▸ WHAT YOU SHOULD DO:
Transcribe exactly, leaving out pictures, the lines from the one that holds "Upgrade your dining" through the end of the data below, including both end lines and no others.

▸ EXERCISE DATA:
━━━━━━━━━━━━━━━━

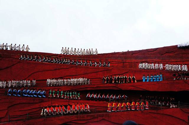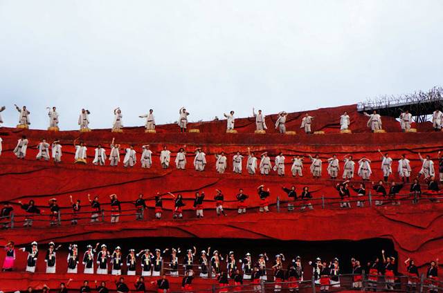 看台是露天的,逢雨就在雨中观看,工作人员考虑得很周到,每人进场时都拿有一件雨披,因为天阴沉着。即使朗朗晴日,人说丽江的天一山有四季、十里不同天,阴晴变化无定的。露天的看台以天穹作顶,气魄挺大。看台不像通常大型演出场地设置得那么豪华,那么精美,它完全照着自然的形貌勾勒舞台的形状。舞台层层递进,依次升高,在蓝天白云下蜿蜒,在丽江的土地上蜿蜒,中间一个阔大的场地,供演员集中演出。舞台给人的整体感觉就是真实的丽江土地,那红土高坡,坡形的
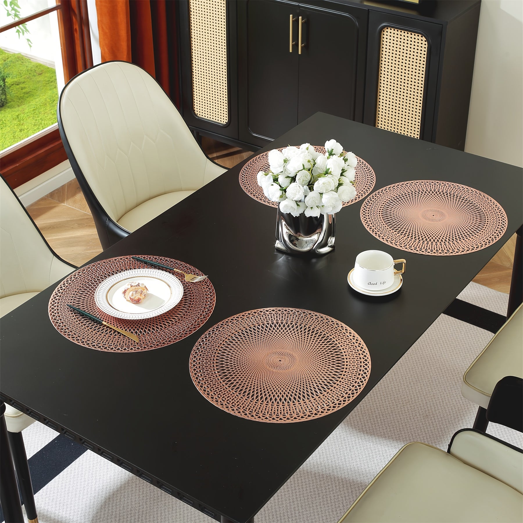 Upgrade your dining space with the PVC Placemats Round Geometric Table Mats – practical, durable, and designed to impress at any occasion..
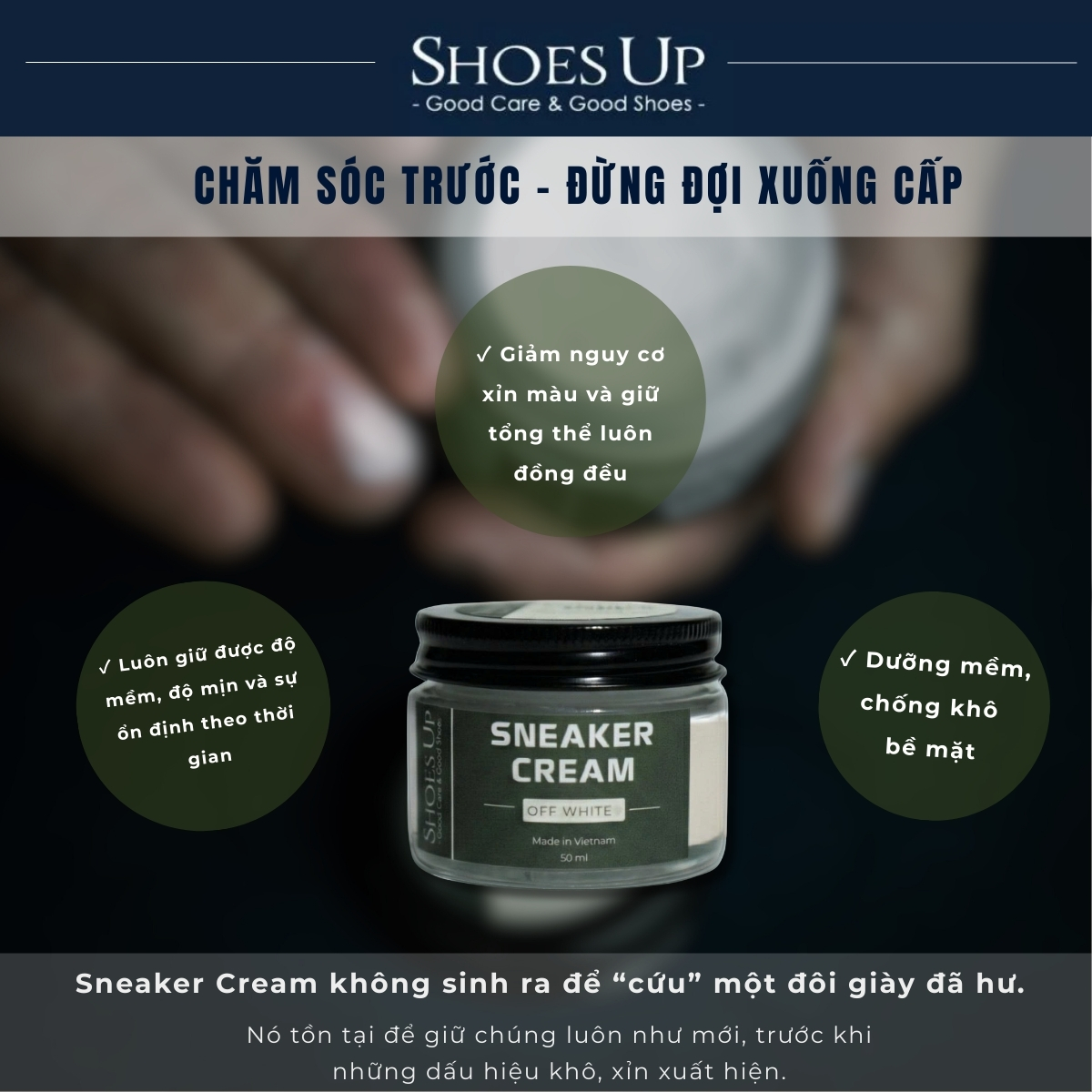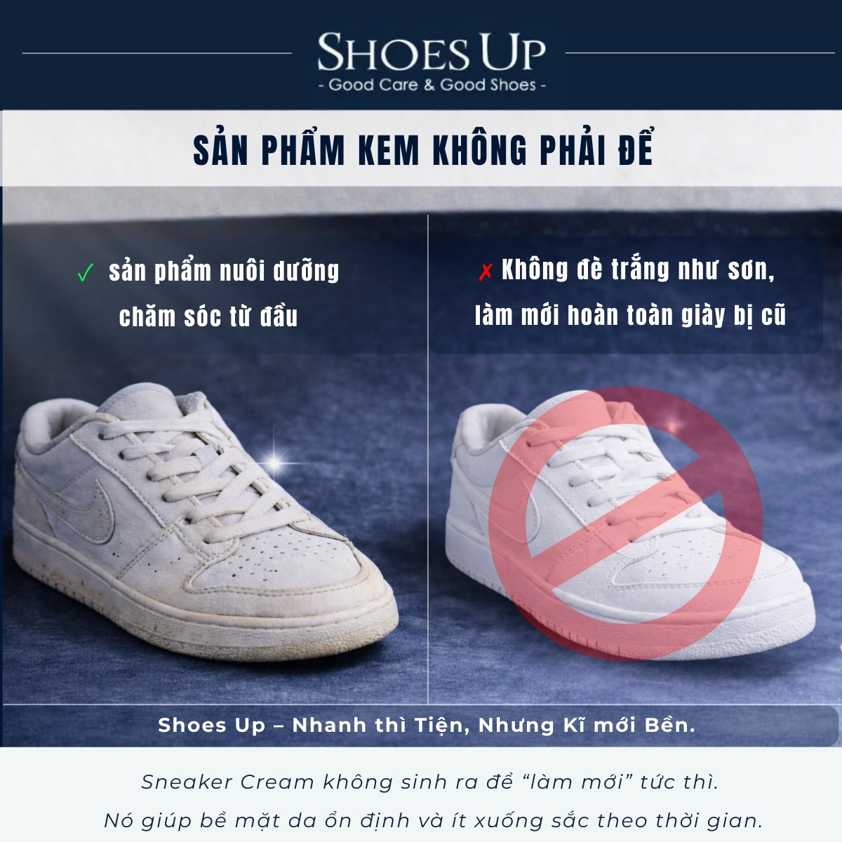 Sneaker Cream Shoes Up không được tạo ra để xử lý khi giày đã hỏng. Nó được phát triển để sử dụng trước khi những dấu hiệu đó xuất hiện — như một bước dưỡng định kỳ giúp bề mặt luôn giữ được độ mềm, độ mịn và sự ổn định theo thời gian.

━━━━━━━━━━━━━━━━

▸ RESULT:
 Upgrade your dining space with the PVC Placemats Round Geometric Table Mats – practical, durable, and designed to impress at any occasion..
 Sneaker Cream Shoes Up không được tạo ra để xử lý khi giày đã hỏng. Nó được phát triển để sử dụng trước khi những dấu hiệu đó xuất hiện — như một bước dưỡng định kỳ giúp bề mặt luôn giữ được độ mềm, độ mịn và sự ổn định theo thời gian.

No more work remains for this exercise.